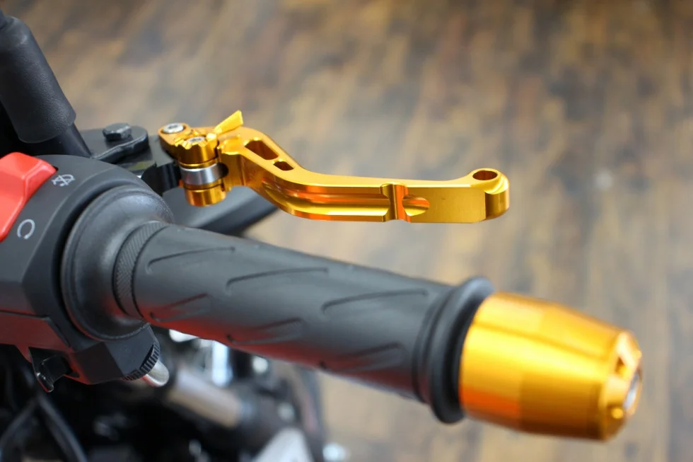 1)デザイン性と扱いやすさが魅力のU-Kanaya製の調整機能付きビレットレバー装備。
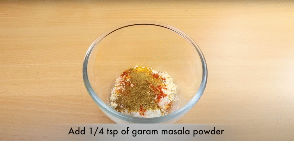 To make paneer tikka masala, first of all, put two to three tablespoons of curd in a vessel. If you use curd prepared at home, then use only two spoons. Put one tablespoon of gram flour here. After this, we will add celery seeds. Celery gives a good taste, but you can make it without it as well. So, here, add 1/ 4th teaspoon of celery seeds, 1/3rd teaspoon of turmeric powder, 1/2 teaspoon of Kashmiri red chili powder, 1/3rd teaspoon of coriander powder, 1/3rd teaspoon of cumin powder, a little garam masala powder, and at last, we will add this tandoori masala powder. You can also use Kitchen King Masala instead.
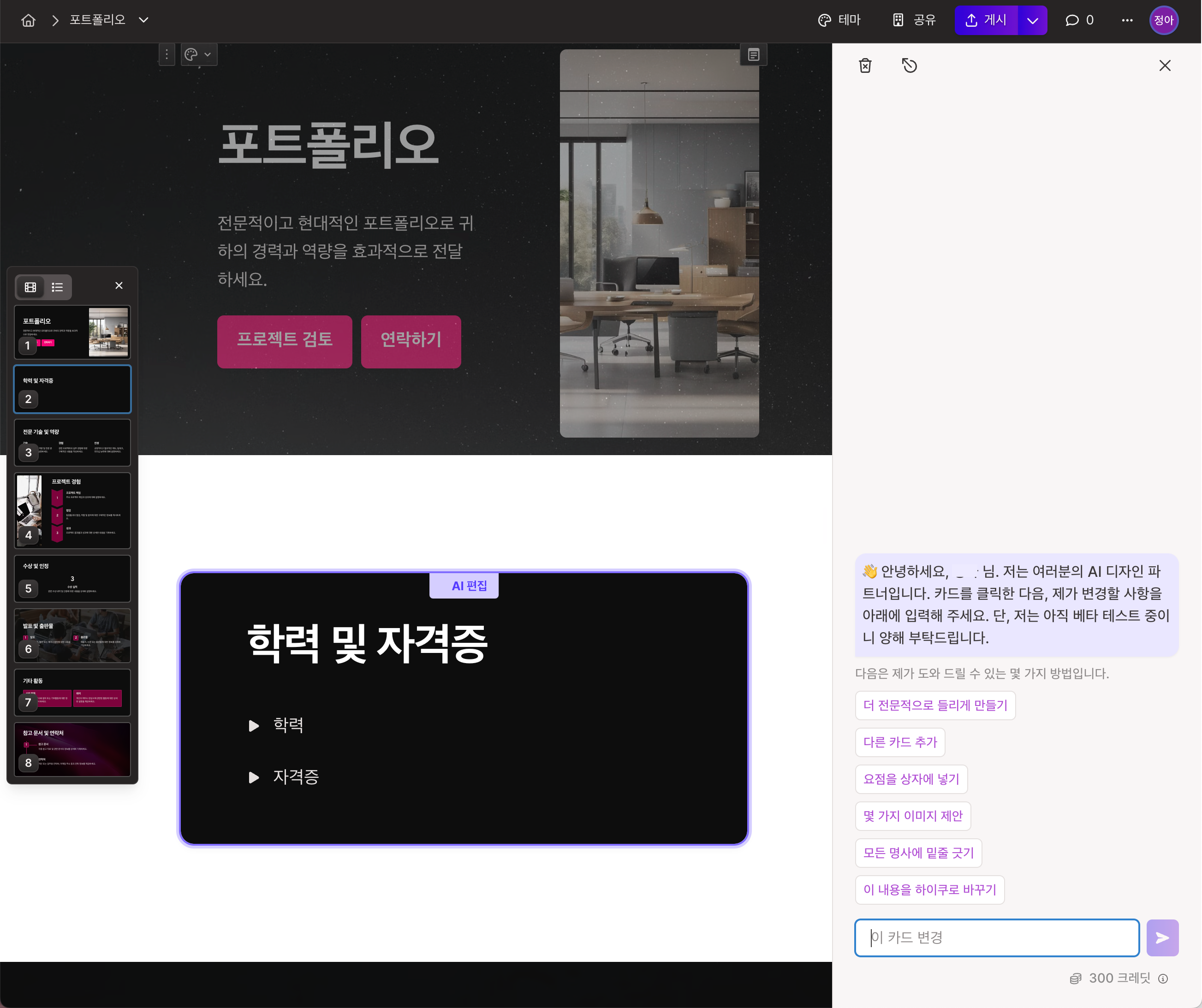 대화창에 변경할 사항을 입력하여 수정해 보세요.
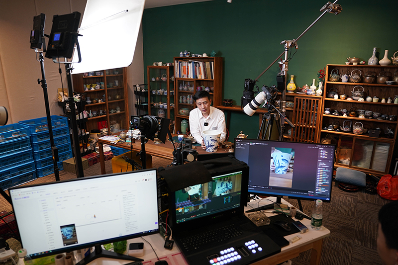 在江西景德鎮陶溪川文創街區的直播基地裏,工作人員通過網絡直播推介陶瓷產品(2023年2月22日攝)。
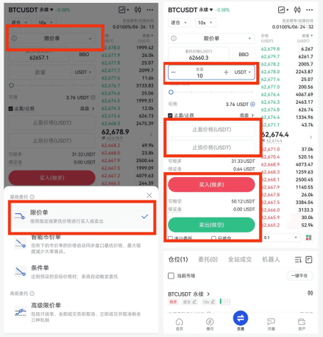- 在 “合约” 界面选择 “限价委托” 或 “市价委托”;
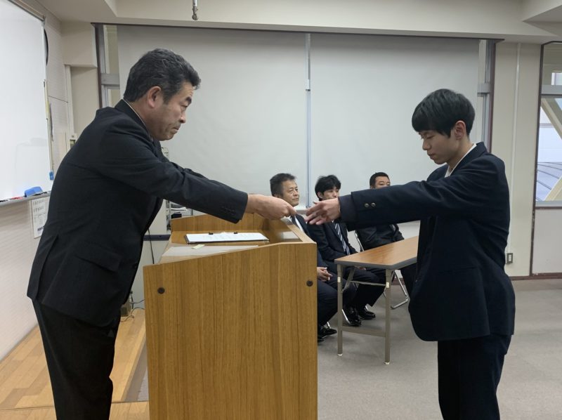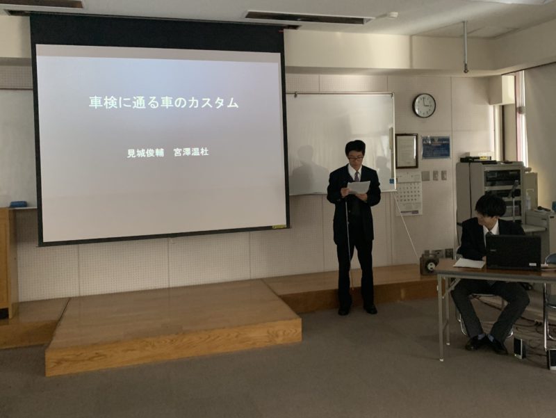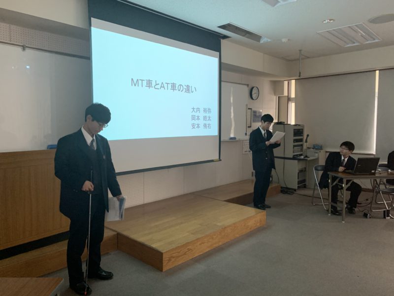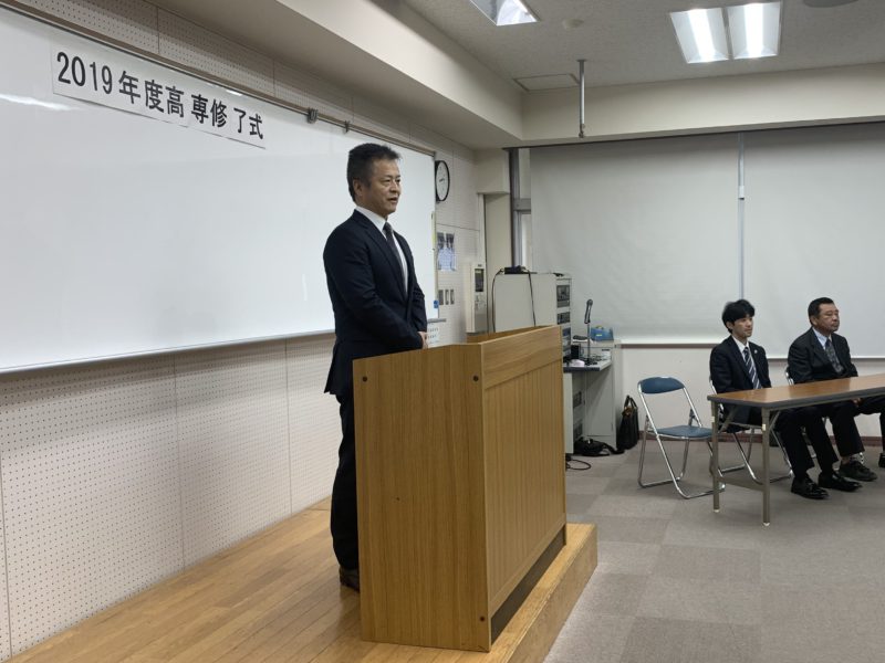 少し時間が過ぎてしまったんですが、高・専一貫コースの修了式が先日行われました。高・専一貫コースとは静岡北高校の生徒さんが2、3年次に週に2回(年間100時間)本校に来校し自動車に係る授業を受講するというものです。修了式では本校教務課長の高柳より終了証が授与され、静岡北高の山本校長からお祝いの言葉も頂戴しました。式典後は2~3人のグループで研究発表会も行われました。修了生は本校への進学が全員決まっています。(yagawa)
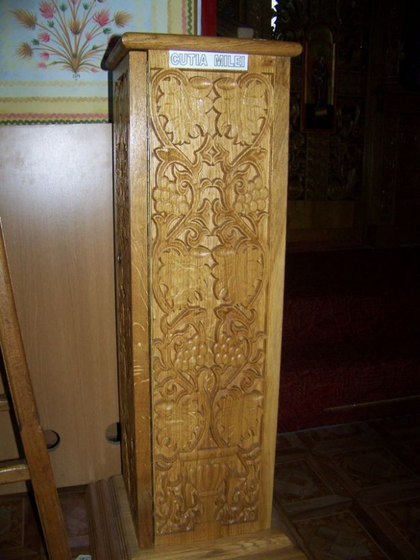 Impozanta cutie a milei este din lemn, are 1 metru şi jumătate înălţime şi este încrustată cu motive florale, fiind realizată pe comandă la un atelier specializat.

======

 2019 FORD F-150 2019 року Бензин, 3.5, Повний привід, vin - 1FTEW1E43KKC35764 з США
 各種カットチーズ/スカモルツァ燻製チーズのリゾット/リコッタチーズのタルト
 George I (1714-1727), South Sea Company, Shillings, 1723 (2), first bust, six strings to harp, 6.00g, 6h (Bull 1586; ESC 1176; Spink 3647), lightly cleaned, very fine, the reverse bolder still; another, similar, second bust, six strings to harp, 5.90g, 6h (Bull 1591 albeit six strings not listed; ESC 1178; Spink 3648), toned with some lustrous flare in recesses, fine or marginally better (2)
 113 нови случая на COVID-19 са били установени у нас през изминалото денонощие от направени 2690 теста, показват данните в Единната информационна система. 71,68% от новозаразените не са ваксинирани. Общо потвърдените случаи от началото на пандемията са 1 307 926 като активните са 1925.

======

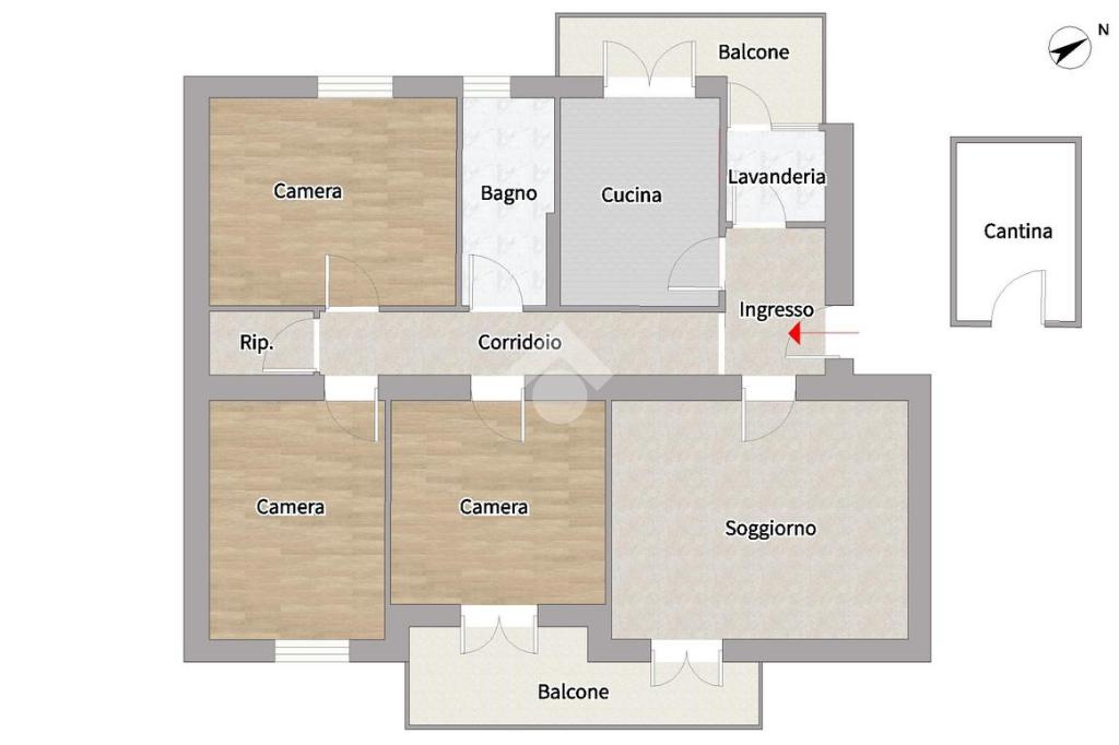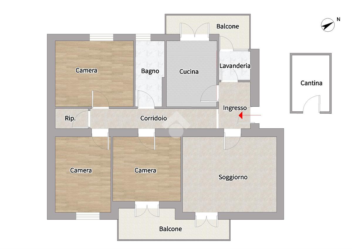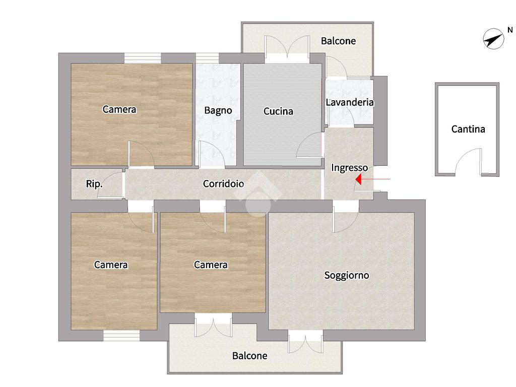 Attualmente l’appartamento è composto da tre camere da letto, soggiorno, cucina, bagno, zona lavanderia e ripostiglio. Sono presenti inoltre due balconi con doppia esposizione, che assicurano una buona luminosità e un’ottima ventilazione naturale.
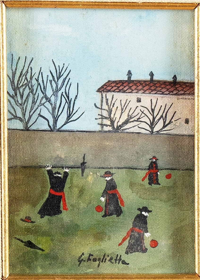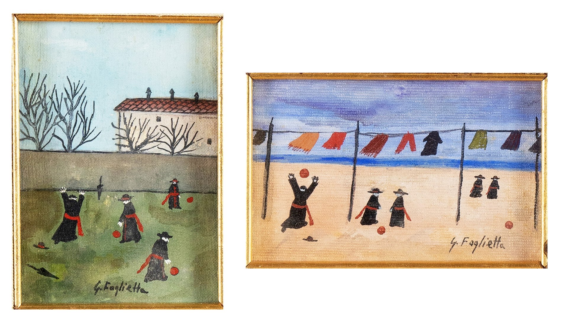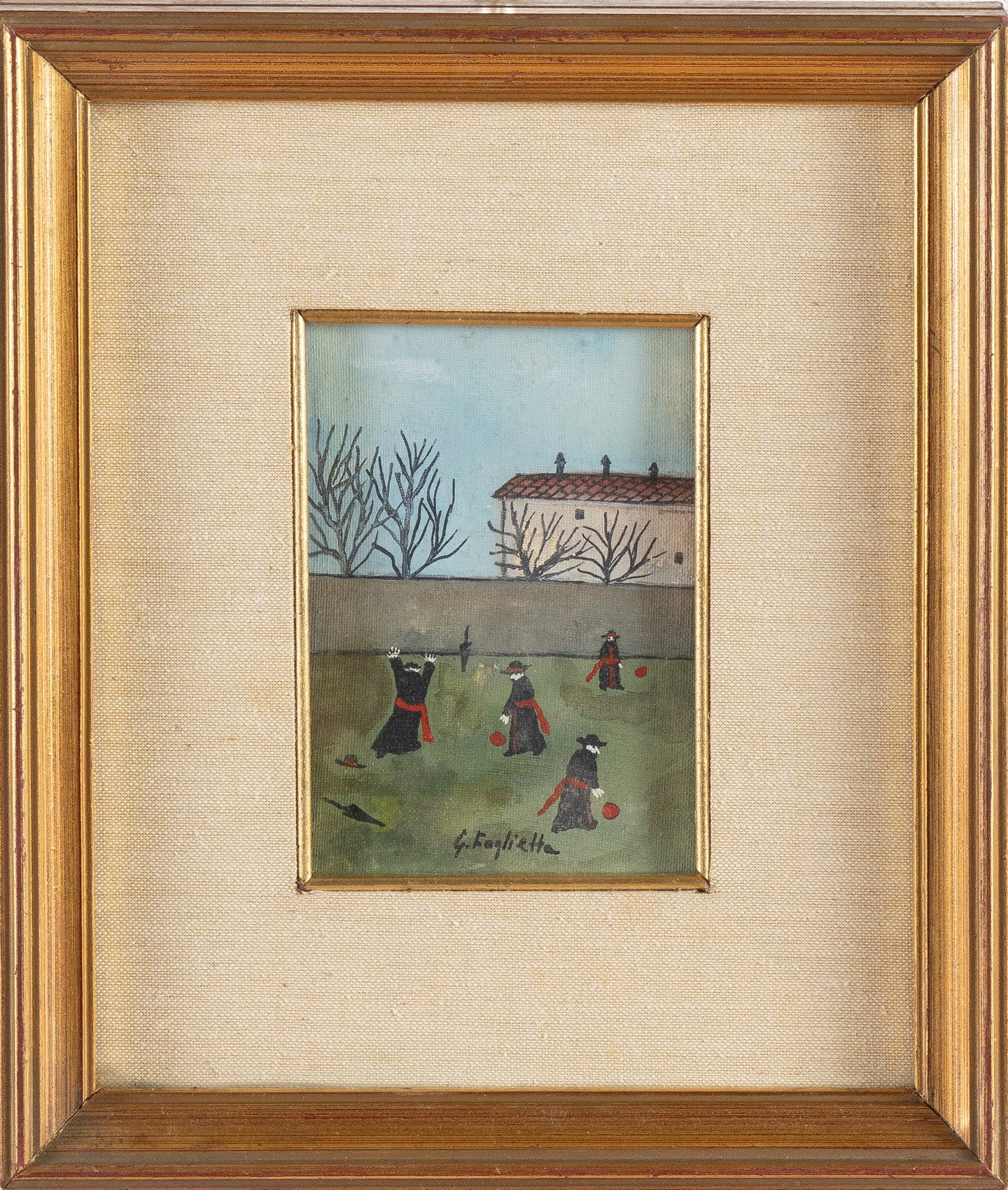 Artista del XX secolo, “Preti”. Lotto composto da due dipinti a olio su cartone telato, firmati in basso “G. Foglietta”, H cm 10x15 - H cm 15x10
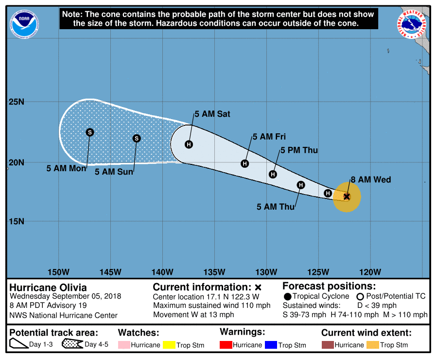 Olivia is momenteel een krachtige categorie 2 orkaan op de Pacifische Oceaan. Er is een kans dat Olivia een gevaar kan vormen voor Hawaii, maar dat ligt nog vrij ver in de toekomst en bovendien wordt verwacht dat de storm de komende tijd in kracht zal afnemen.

======

• [Problem details] In the data above, retype only the stretch from the line with "1)デザイン性と扱いやすさが" through the line with "Impozanta cutie a", word for word, and skip any pictures.

• [Your response]
 1)デザイン性と扱いやすさが魅力のU-Kanaya製の調整機能付きビレットレバー装備。
 To make paneer tikka masala, first of all, put two to three tablespoons of curd in a vessel. If you use curd prepared at home, then use only two spoons. Put one tablespoon of gram flour here. After this, we will add celery seeds. Celery gives a good taste, but you can make it without it as well. So, here, add 1/ 4th teaspoon of celery seeds, 1/3rd teaspoon of turmeric powder, 1/2 teaspoon of Kashmiri red chili powder, 1/3rd teaspoon of coriander powder, 1/3rd teaspoon of cumin powder, a little garam masala powder, and at last, we will add this tandoori masala powder. You can also use Kitchen King Masala instead.
 대화창에 변경할 사항을 입력하여 수정해 보세요.
 在江西景德鎮陶溪川文創街區的直播基地裏,工作人員通過網絡直播推介陶瓷產品(2023年2月22日攝)。
- 在 “合约” 界面选择 “限价委托” 或 “市价委托”;
 少し時間が過ぎてしまったんですが、高・専一貫コースの修了式が先日行われました。高・専一貫コースとは静岡北高校の生徒さんが2、3年次に週に2回(年間100時間)本校に来校し自動車に係る授業を受講するというものです。修了式では本校教務課長の高柳より終了証が授与され、静岡北高の山本校長からお祝いの言葉も頂戴しました。式典後は2~3人のグループで研究発表会も行われました。修了生は本校への進学が全員決まっています。(yagawa)
 Impozanta cutie a milei este din lemn, are 1 metru şi jumătate înălţime şi este încrustată cu motive florale, fiind realizată pe comandă la un atelier specializat.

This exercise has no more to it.